Navin Gupta (Managing Director, South Asia and MENA at Ripple) tweeted that Bank of Dhofar has gone live on RippleNet. His exact tweet read:

“Congratulations! to Bank Dhofar – Live on Ripplenet. Now Non Resident Indians (NRIs) living in Oman can App money back home in real-time. #bankdhofar #ripplenet @Ripple”

Bank of Dhofar is the first financial institution in the Sultanate as well as the region to allow international and instant transfers via mobile banking. With their mobile banking app, NRIs can now send money to India in under 120 seconds.

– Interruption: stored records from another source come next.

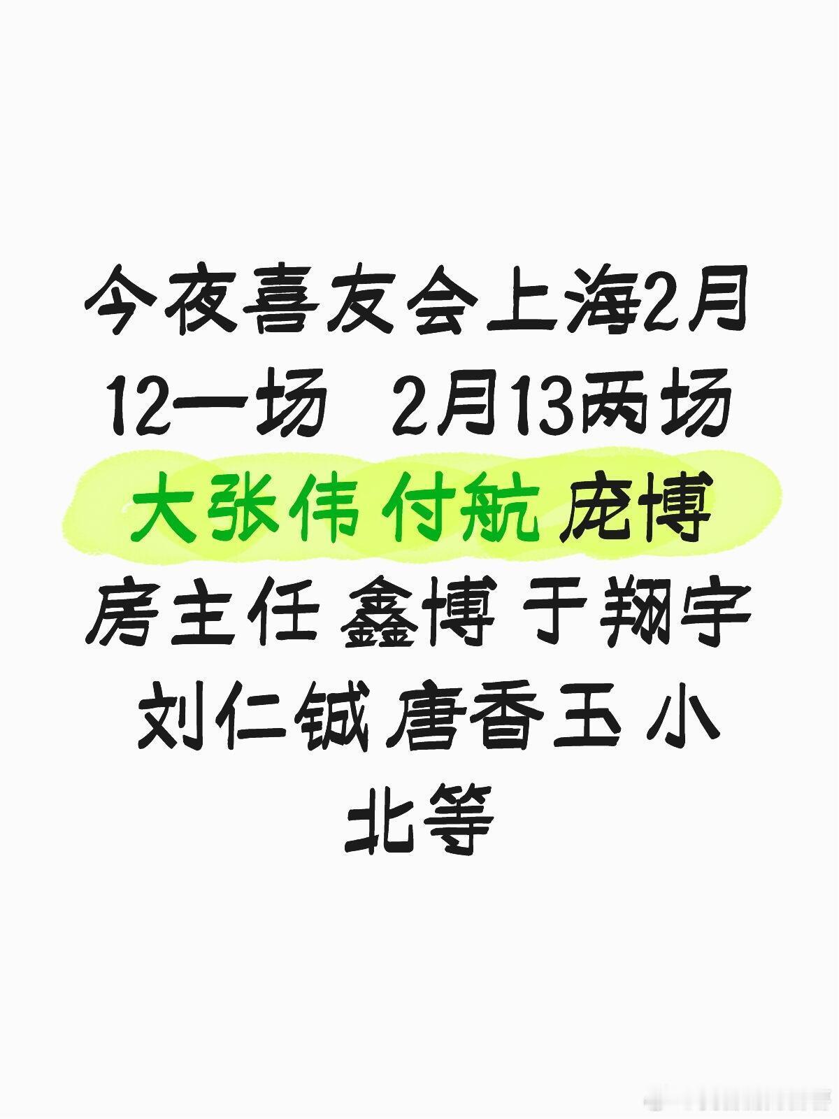 今夜喜友会上海2月12一场 2月13两场大张伟 付航 庞博 房主任 鑫博 于翔宇 刘仁铖 唐香玉 小北等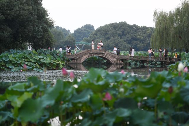 游客在杭州西湖曲院風(fēng)荷景區(qū)觀賞荷花 ( 黃宗治/攝 )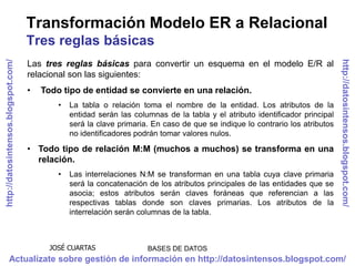 Este documento describe las reglas para transformar un modelo entidad-relación (ER) a una base de datos relacional. Las tres reglas principales son: 1) cada entidad se convierte en una tabla con su clave principal; 2) cada relación muchos-a-muchos se convierte en una tabla; 3) cada relación uno-a-muchos o uno-a-uno se convierte propagando la clave principal. También explica cómo transformar atributos como multivaluados, derivados y alternativos.
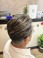 かきあげのツーブロスタイルにメッシュをプラス。気になる白髪をぼかしながらデザインを楽しめます。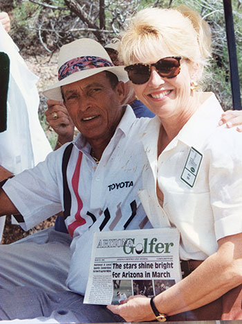 A Blast from the Past! – Chi Chi Rodriguez and Nancy Howard . First Tournament attended by Nancy with Arizona Golfer – The Tradition (Now the PGA Tour Champions) in April, 1994 at Cochise Golf Course at Desert Mountain in Scottsdale. This was The Tradition’s 6th Year and the Winner was Raymond Floyd.

The announcement states that the bank is thrilled to join Ripple’s global enterprise blockchain network: RippleNet. It also mentioned, “Ripple’s leading blockchain solution for cross-border payments, including its bi-directional messaging and instant settlement features, enables Bank of Dhofar to save customers’ time when sending payments overseas, using BankDhofar mobile banking app.”

The bank and Ripple first aligned themselves with each other in May of last year and Dr. Tariq Taha, the Chief Information Office of Bank of Dhofar said:

“With this, we can provide instant, frictionless and secure cross-border money transfers within seconds, with end-to-end visibility over the journey of the payment.”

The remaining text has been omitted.